Outre ces trois axes principaux mis en lumière par la représentation française de la direction générale de l’Environnement, les difficultés d’amélioration de la qualité de l’eau persistent. « Une procédure d’infraction est en cours concernant la pollution aux nitrates dans l’eau potable et concernant la directive Eaux résiduaires urbaines (Deru), rappelle Marie-Anne Haure. Nous avons également besoin d’avoir une meilleure vision de l’état des masses d’eau en France. » Dans le cadre de la directive-cadre sur l’eau (DCE), l’EIR souligne la nécessité d’évaluer les nouvelles modifications des caractéristiques physiques des masses d’eau : ces évaluations devraient envisager des options alternatives et proposer des mesures d’atténuation adéquates. La France doit également rentrer dans les clous pour ce qui concerne la prise en compte des impacts de courte durée des programmes et projets sur l’état des masses d’eau, dans le cadre de la DCE.

Des progrès sont également à faire dans le secteur des déchets. « La France est en dessous des taux de recyclage européen », note Marie-Anne Haure. En matière de gouvernance, l’Hexagone n’est toujours pas un bon élève concernant la participation du public et l’information des citoyens.

Malgré les manquements listés, quelques points positifs sont à noter. « La France est performante pour l’utilisation circulaire des matériaux et elle présente une bonne transposition des exigences concernant les produits chimiques, reconnaît Marie-Anne Haure. Une avancée est à noter par rapport à la biodiversité avec la stratégie nationale pour les aires protégées. Mais c’est un progrès limité. »

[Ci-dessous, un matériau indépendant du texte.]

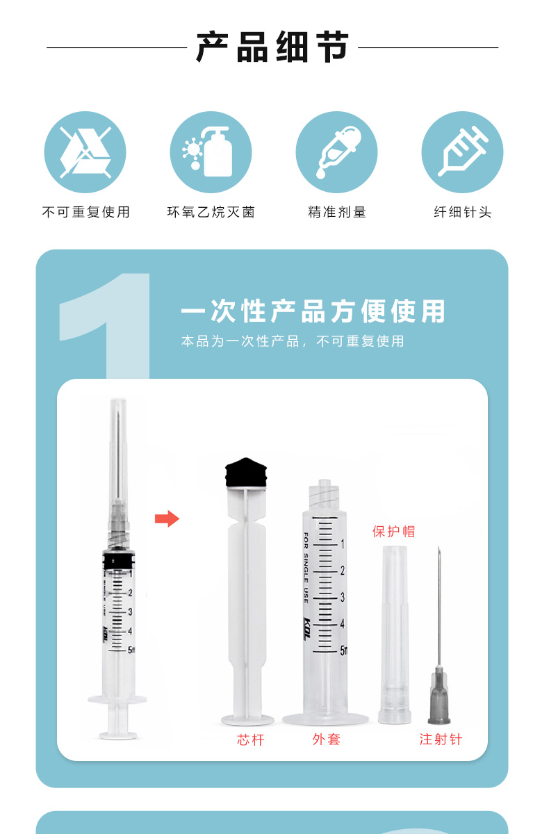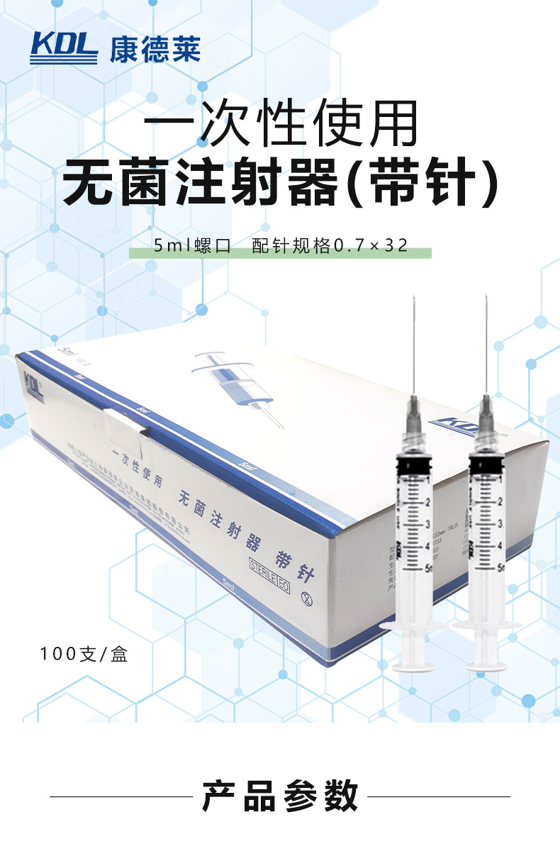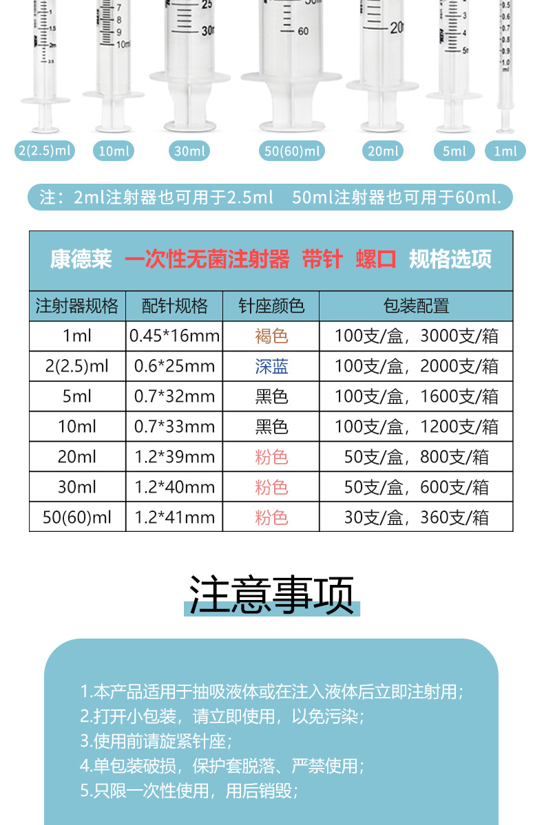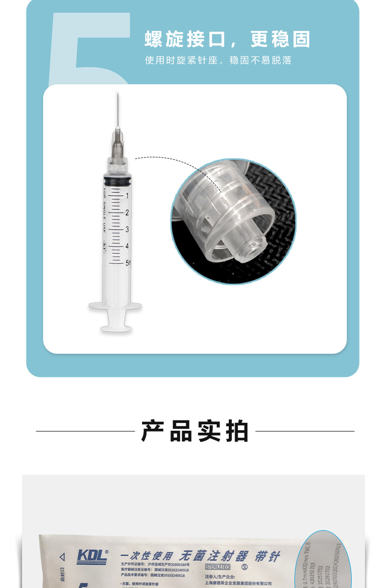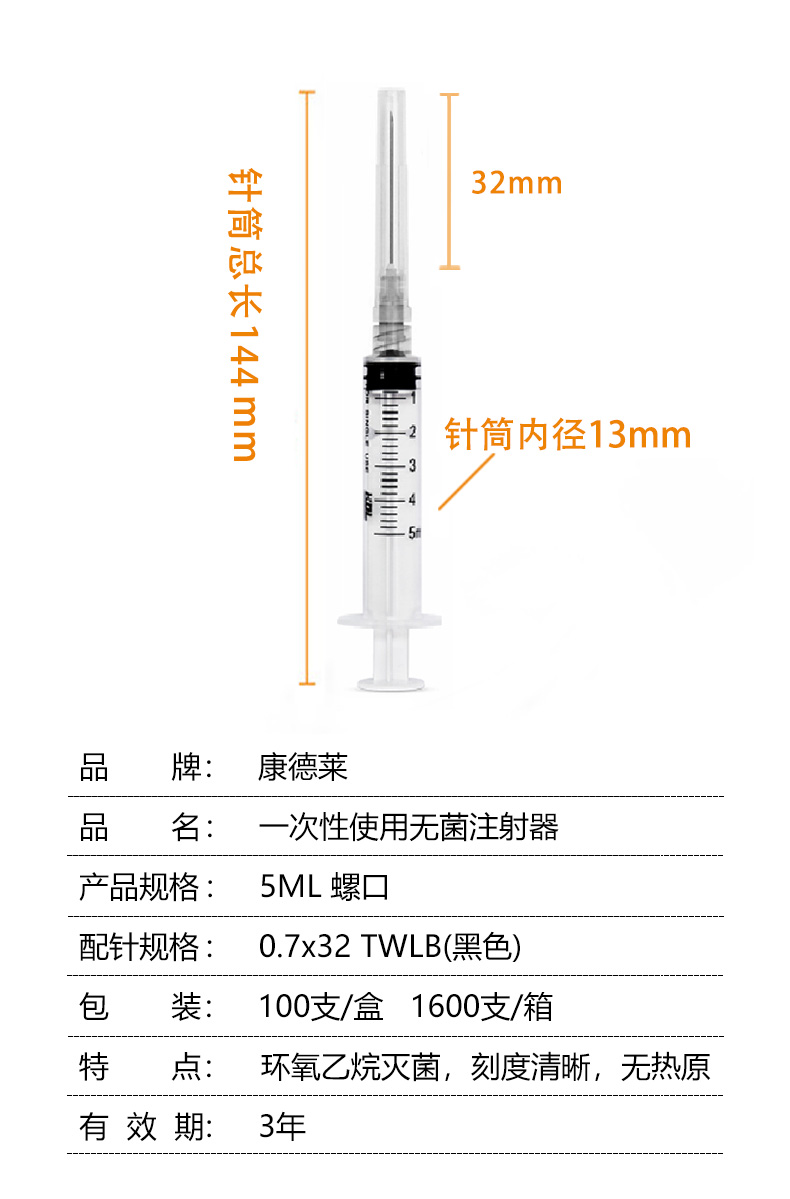 康德莱 一次性使用螺口注射器 5ml 产品特点:

Un besoin de davantage d’investissements

Selon l’EIR, un des leviers d’amélioration passera par des financements supplémentaires. « Il faudrait entre 13 et 15 milliards d’euros d’investissements publics et privés supplémentaires d’ici à 2023 par an en France », estime Marie-Anne Haure. À titre d’exemple, la Commission a évalué que, d’ici à 2030, le coût total de la lutte contre la pollution atmosphérique s’élèverait à 9 milliards par an pour la France. Pour la biodiversité, les besoins seraient de 651,4 millions par an entre 2021 et 2027. Et pour les déchets, l’investissement nécessaire s’élèveraient à 3,514 milliards supplémentaires (soit environ 500 millions par an) entre 2021 et 2027. Les besoins pour la gestion des eaux ont, quant à eux, été estimés à quelque 2,1 milliards par an, jusqu’en 2030, dont plus de 90 % pour les eaux usées.